Türkiye’nin 78 milyon km kare olan yüzölçümünün yaklaşık olarak üçte birini kaplayan alanda yani 24 milyon ekilebilir tarım arazisinin, ekonomik olarak sulanabilir miktarı göz önüne alındığında ise bu rakam 8,5 milyon’a denk gelmektedir.

Yoksul halkların sahip olduğu verimli topraklar göz önüne alındığında ise bize en yakın örnek 54 ülkeden oluşan Afrika kıtasıdır.
Verimli toprakların ve zengin yer altı kaynaklarının bulunduğu bu kara kıtada, yaklaşık olarak 1,2 milyar insan yaşamaktadır.

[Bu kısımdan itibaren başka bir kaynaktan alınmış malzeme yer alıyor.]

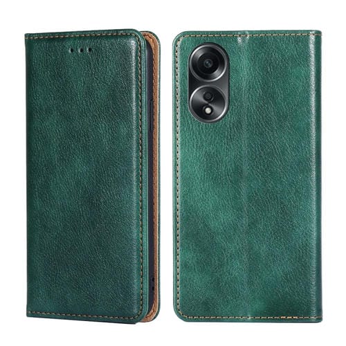 Para Oppo A58 4G Estuche de Teléfono de Cuero Magnético de Color Sólido con Aceite Brillante (Verde)
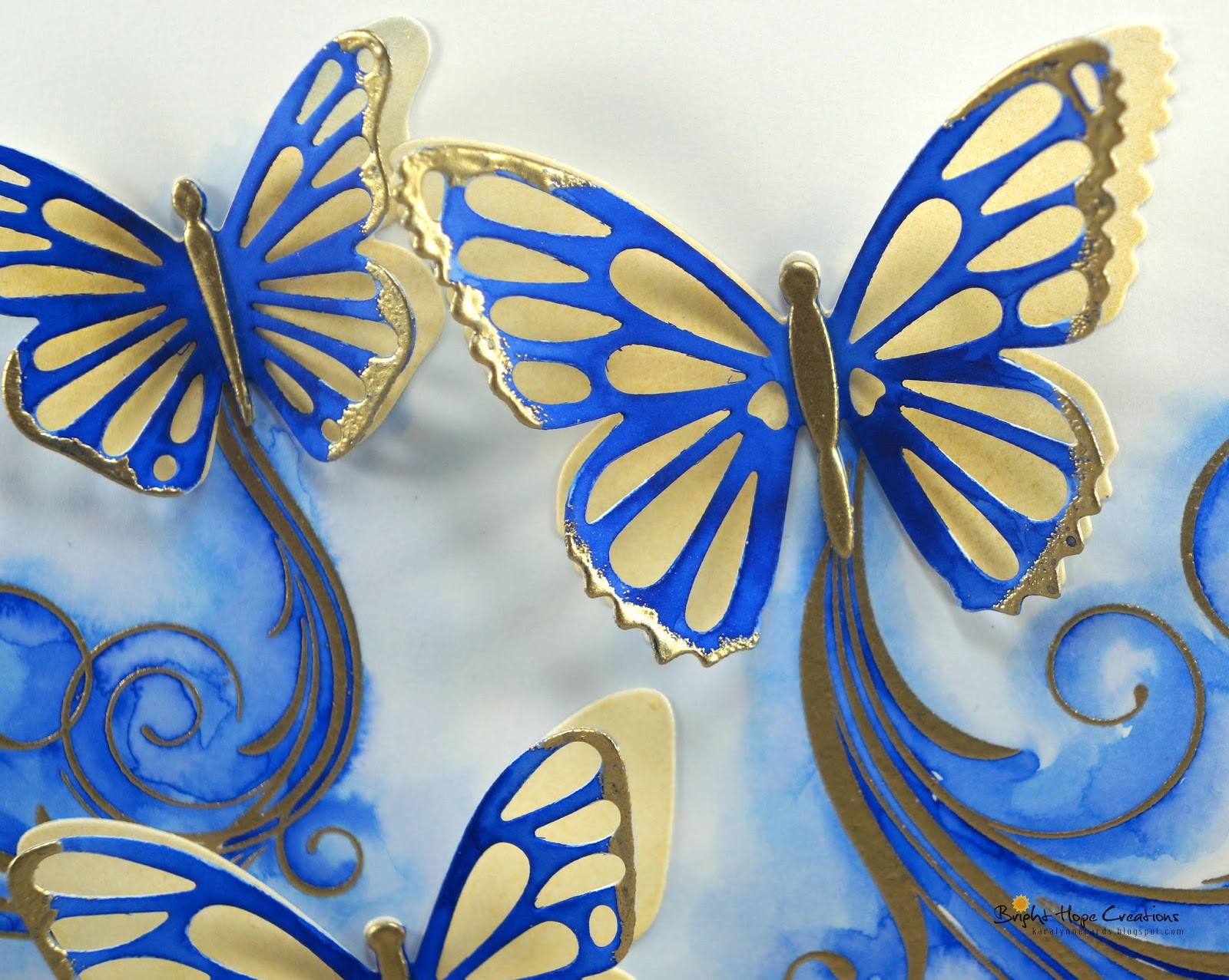 The blue/gold card was fun to create. I painted along the heat embossed swirls with a blue Zig CCRB pen. The solid portion of the butterflies was inked in gold and the lace portion was partially embossed and watercolored with the same blue marker. The white sentiment on the bottom balances the white at the top.
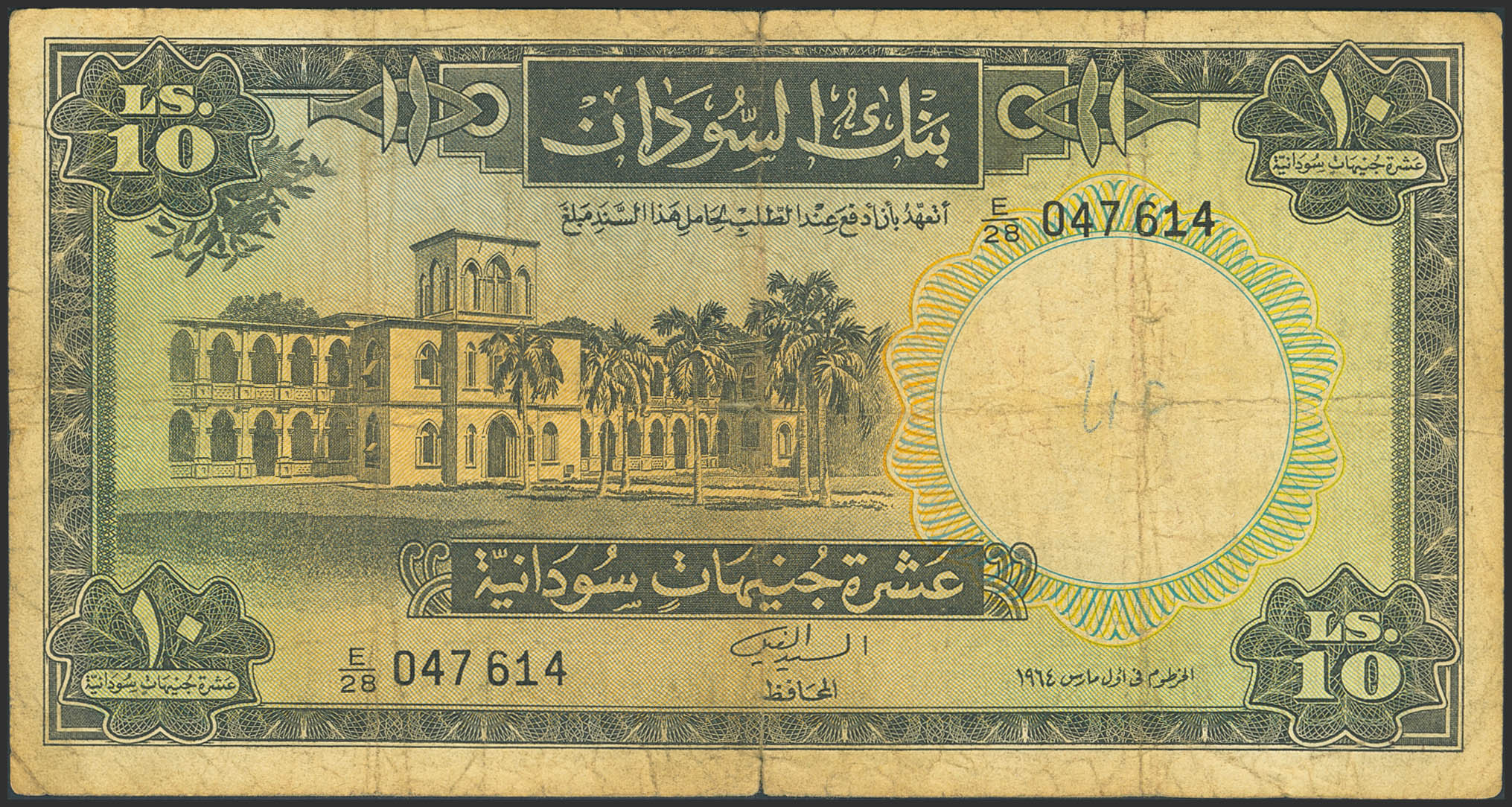 SUDAN. 10 Sudanese Pounds. 1964. Bank of Sudan. (Pick: 10a). Tears, pinhole. Fine.
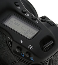 Status LCDs. The top Status LCD has changed less than the back Status LCD, which now accommodates a little more information for the greater number of image quality modes. The top deck's most welcome change is the four-stage battery icon, instead of the old two-stage icon on the 1D Mark II N. I've seen the big batteries in the old 1D cameras die quite suddenly, and with as much power as modes like Live View can use, you want to have a much better picture of your battery status than this.
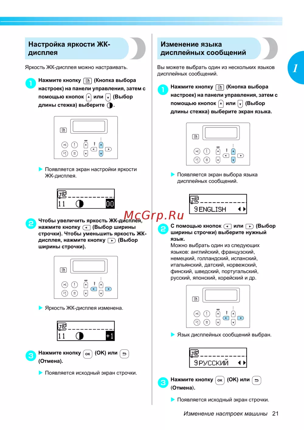 Узнайте, как легко изменить яркость ЖК-дисплея и выбрать язык дисплейных сообщений на вашем устройстве. Простые шаги для настройки.
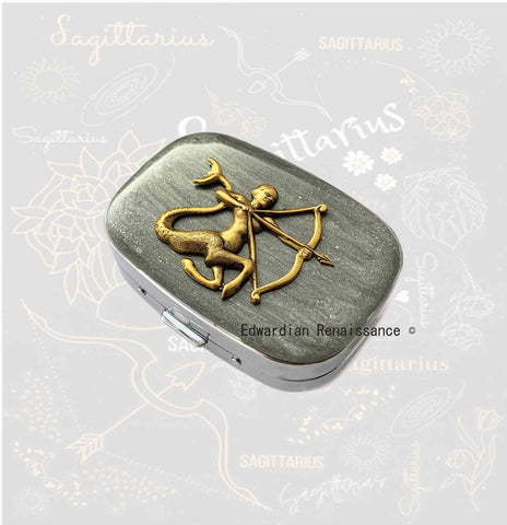 Sagittarius Pill Box Inlaid in Hand Painted Silver Enamel Neo Victorian Archer with Personalized and Color Options Available
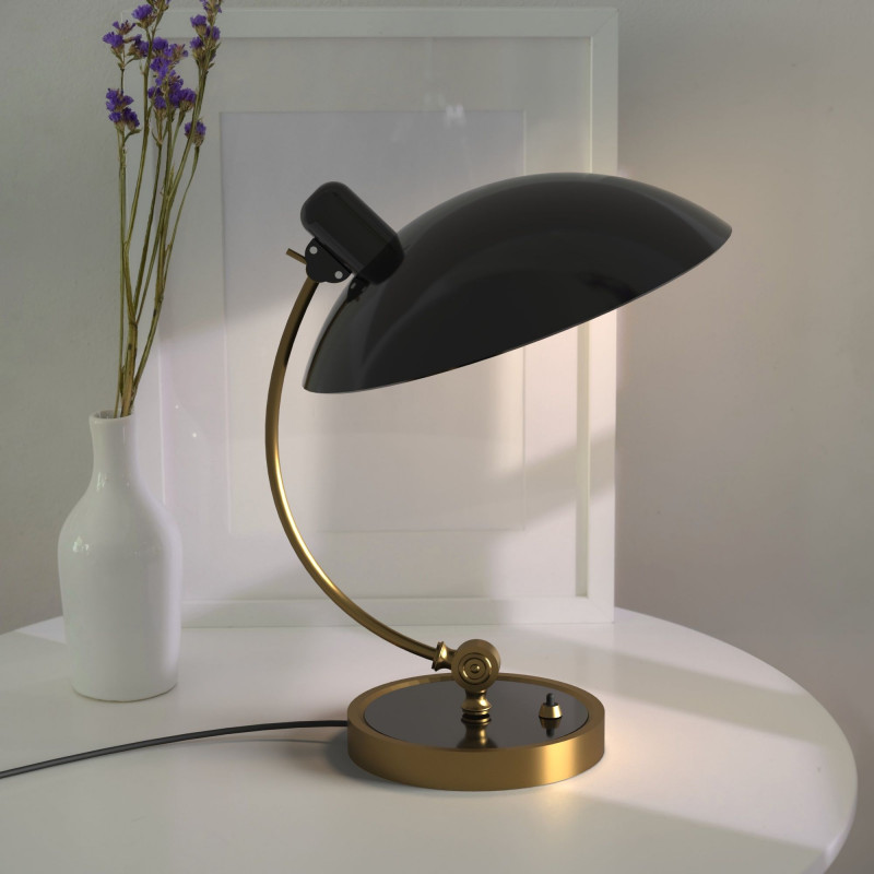 Επιτραπέζιο φωτιστικό με σύγχρονο σχεδιασμό, εμπνευσμένο από τις αρχές του κινήματος Bauhaus.
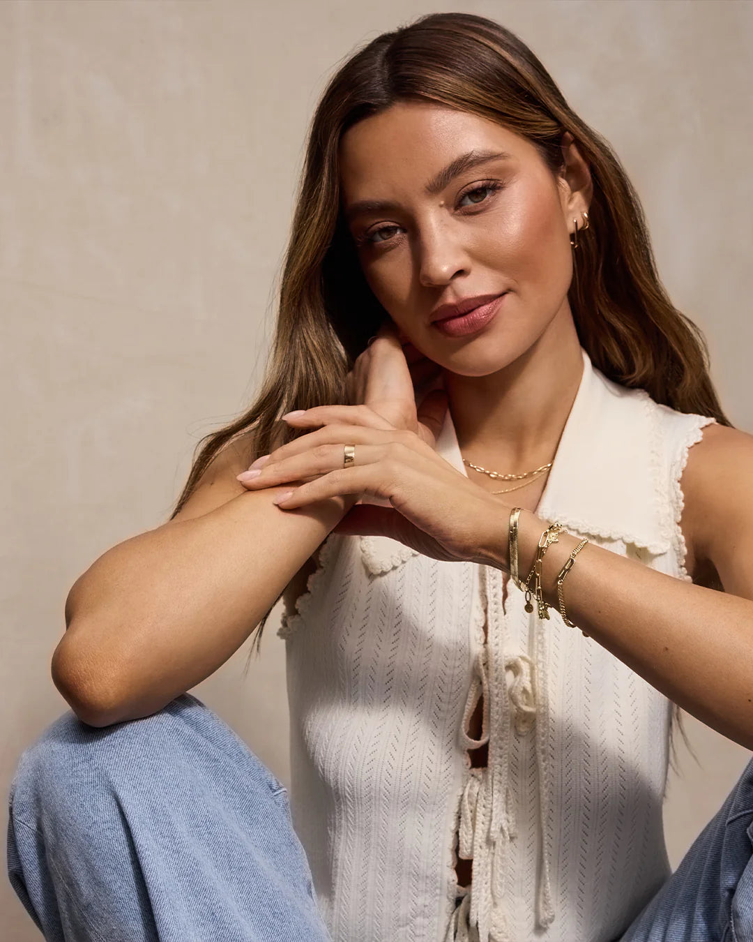 The gold plated Parker Huggies offer a sleek and retro-inspired style. Perfect in first piercings, these elongated huggies offer a high-shine finish and add a touch of glamour to any look.
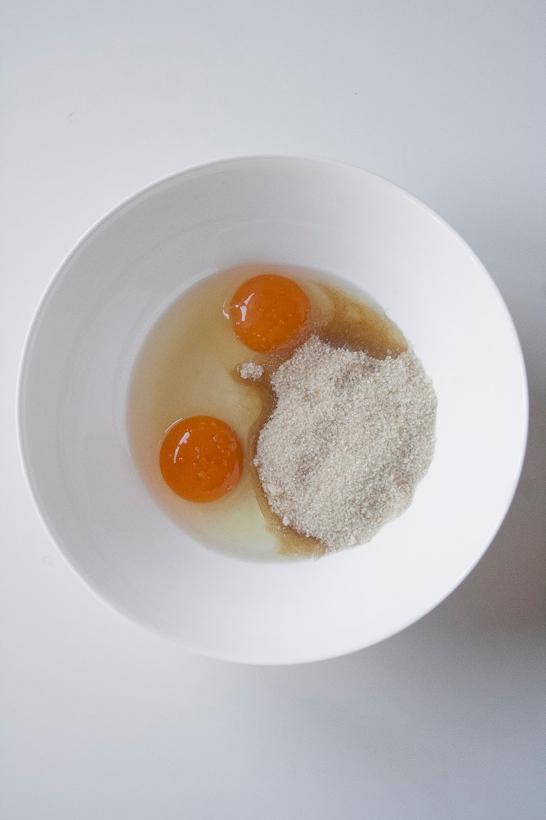 In una ciotola capiente unite le 2 uova intere e lo zucchero di canna e lavorate il tutto con le fruste elettriche fino ad ottenere un composto spumoso e chiaro.

Dünya tarım arazilerinin % 18’lik bölümünü oluşturduğu bu kıta, 226 milyon hektar tarım arazisi ile üretimde önemli bir yer tutmaktadır.
Afrika kıtası hammadde rezervlerinin % 90’ına sahiptir.
Dünya altın rezervlerinin % 40’ına, Elmas rezervlerinin % 33’üne sahiptir.
Demokratik Kongo Cumhuriyeti’nin tarım arazileri tüm Afrika’yı doyurabilirken, Afrika’nın tarıma elverişli arazileri ekildiğinde, tüm dünyayı doyurmak için yeterli kapasitededir.
Afrika; Batı’nın laboratuarlarında değiştirdiği 30 bin ilaç için bitki vermektedir.
İnsanlığın geleceğini temsil eden bu kıta, tarımsal üretim ürünlerinin büyük bir üreticisi ve ihracatçısıdır.

Ama ne yazık ki, Anadolu gibi verimli topraklara sahip bu kıtanın insanları yoksulluktan her geçen gün biraz daha kırılıyor.
Oysa kendi işletme ve üretim araçlarını devraldığı takdirde, dünya zirvesine oturacak potansiyele sahiptir.
Fakat ne yazık ki, Afrika sömürülen en büyük kıtadır.
Türkiye ise Afrika gibi kaynakları sömürülen en bilinen ülkeler sıralamasında en üstlerdedir.
Daha dün şahit olduğumuz bu gerçek, söylenecek söz de bırakmadı.
Muazzam zenginliğe, tarım arazisine, iklim ve bitki çeşitliliğine sahip bu ülke; dünyada en yüksek faiz uygulayan ikinci ülke oldu.
Afrika; küresel işgalci güçler tarafından cahil ve yoksul bırakılırken.
Yanlış politikalar sonucu yoksullaşan bu verimli toprakların sahibi olan bu millet’e, bunun hesabını kim verecek?
Takdirini siz değerli okuyucularıma bırakıyorum.